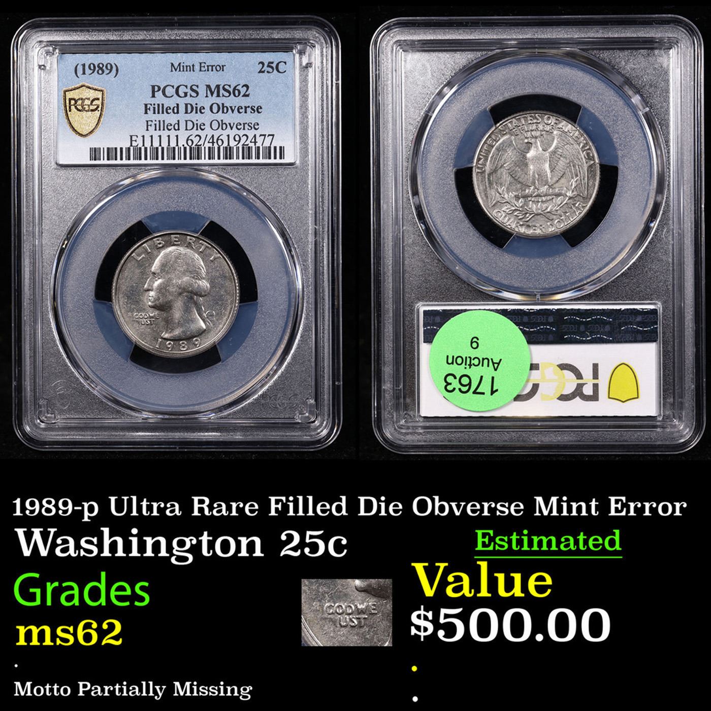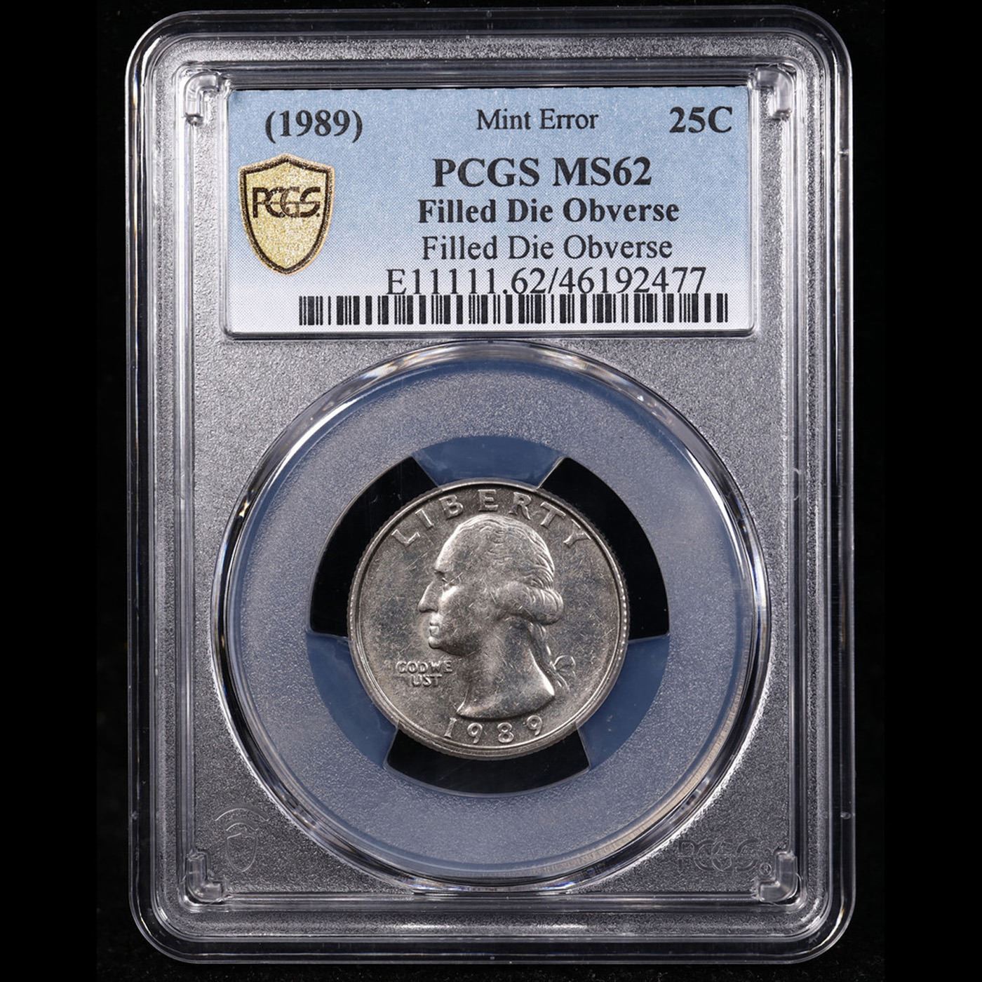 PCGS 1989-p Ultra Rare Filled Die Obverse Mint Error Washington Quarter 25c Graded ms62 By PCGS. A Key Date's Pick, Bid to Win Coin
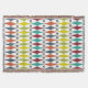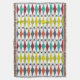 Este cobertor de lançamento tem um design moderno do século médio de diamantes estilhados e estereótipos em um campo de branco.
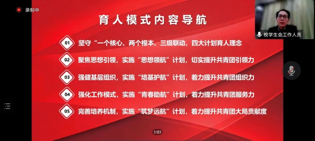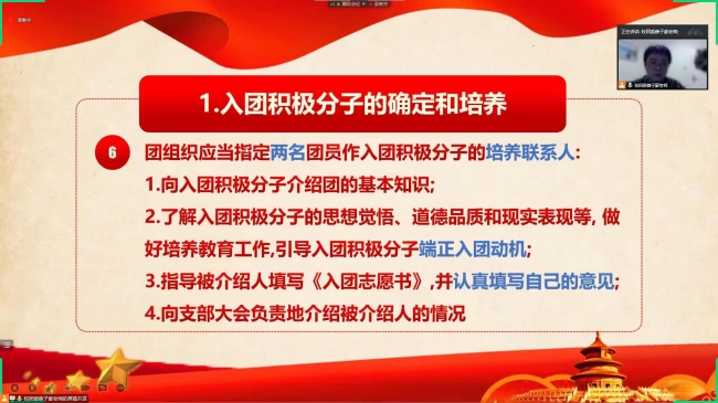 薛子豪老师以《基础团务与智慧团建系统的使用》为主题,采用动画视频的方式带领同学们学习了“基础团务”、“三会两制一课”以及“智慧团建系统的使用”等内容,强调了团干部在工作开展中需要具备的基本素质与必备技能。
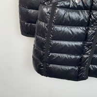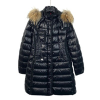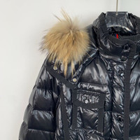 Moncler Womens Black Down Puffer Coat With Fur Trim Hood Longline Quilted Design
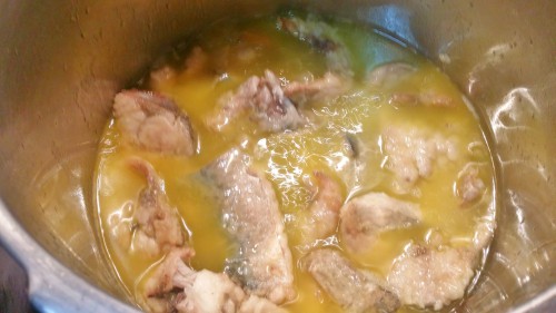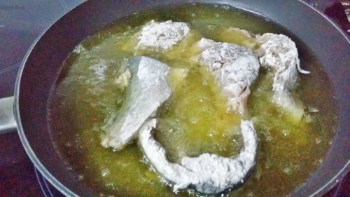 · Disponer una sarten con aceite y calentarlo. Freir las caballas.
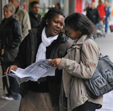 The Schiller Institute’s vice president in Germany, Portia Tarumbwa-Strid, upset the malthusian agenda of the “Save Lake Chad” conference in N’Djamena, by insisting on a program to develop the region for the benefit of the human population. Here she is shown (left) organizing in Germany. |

---

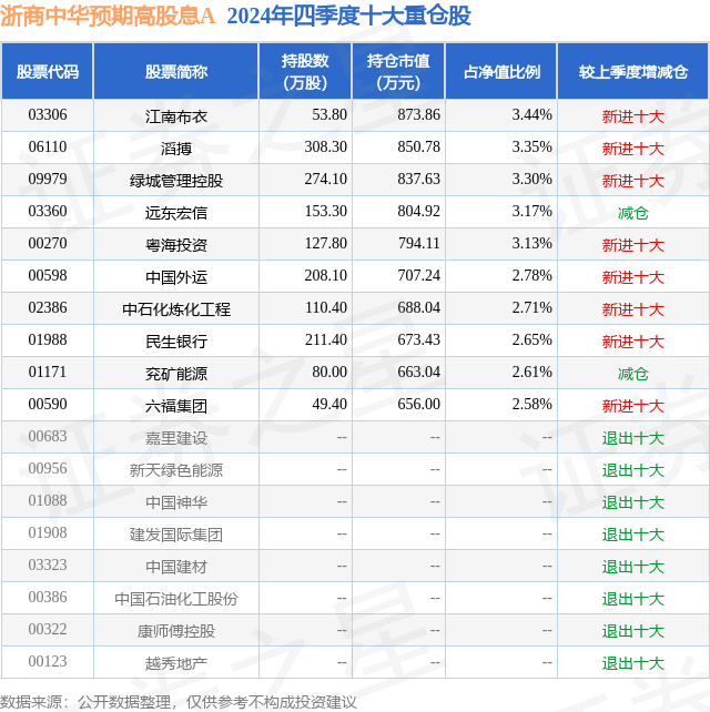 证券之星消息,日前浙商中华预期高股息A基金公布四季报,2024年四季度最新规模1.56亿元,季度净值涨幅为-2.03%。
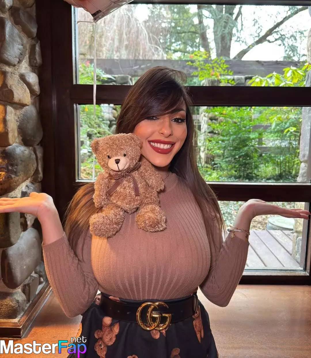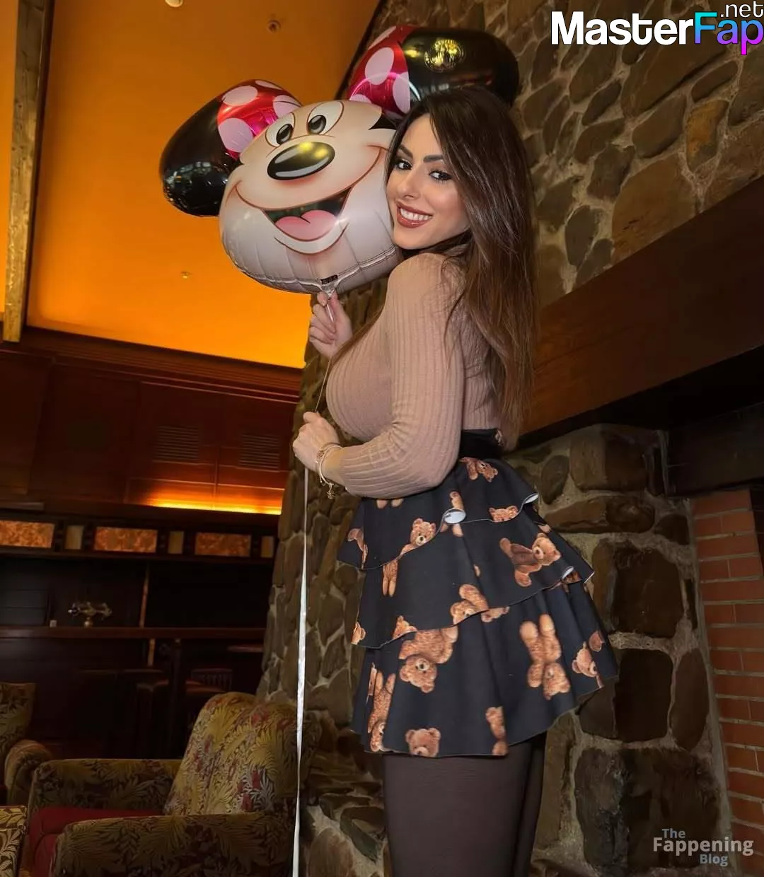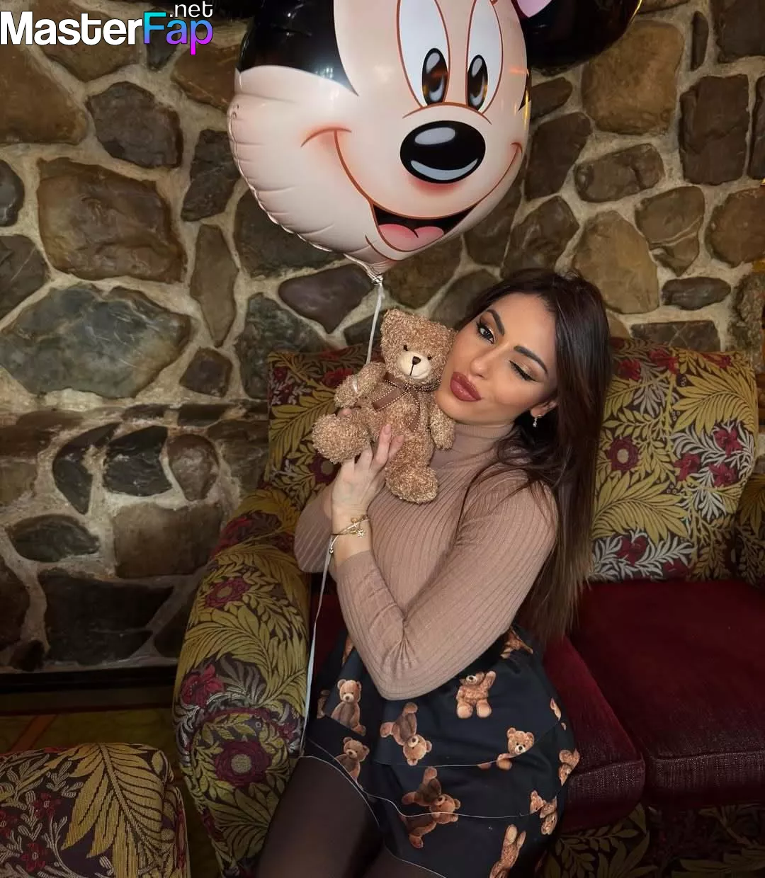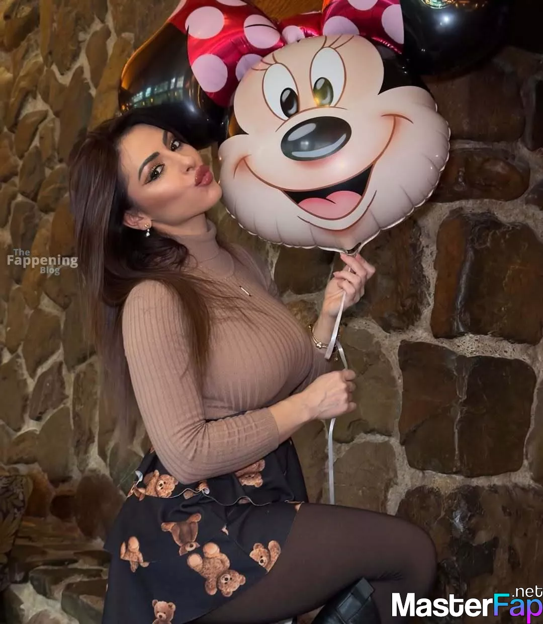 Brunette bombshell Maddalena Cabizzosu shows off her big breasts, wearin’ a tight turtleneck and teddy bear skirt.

* _INSTRUCTIONS TO FOLLOW_
Nothing but the lines above, starting at the line that contains "证券之星消息,日前浙商中华预" and ending at the line that contains "Brunette bombshell Maddalena", should be given again, exactly and without the pictures.

* _SOLUTION FOR THIS PROBLEM_
 证券之星消息,日前浙商中华预期高股息A基金公布四季报,2024年四季度最新规模1.56亿元,季度净值涨幅为-2.03%。
 Brunette bombshell Maddalena Cabizzosu shows off her big breasts, wearin’ a tight turtleneck and teddy bear skirt.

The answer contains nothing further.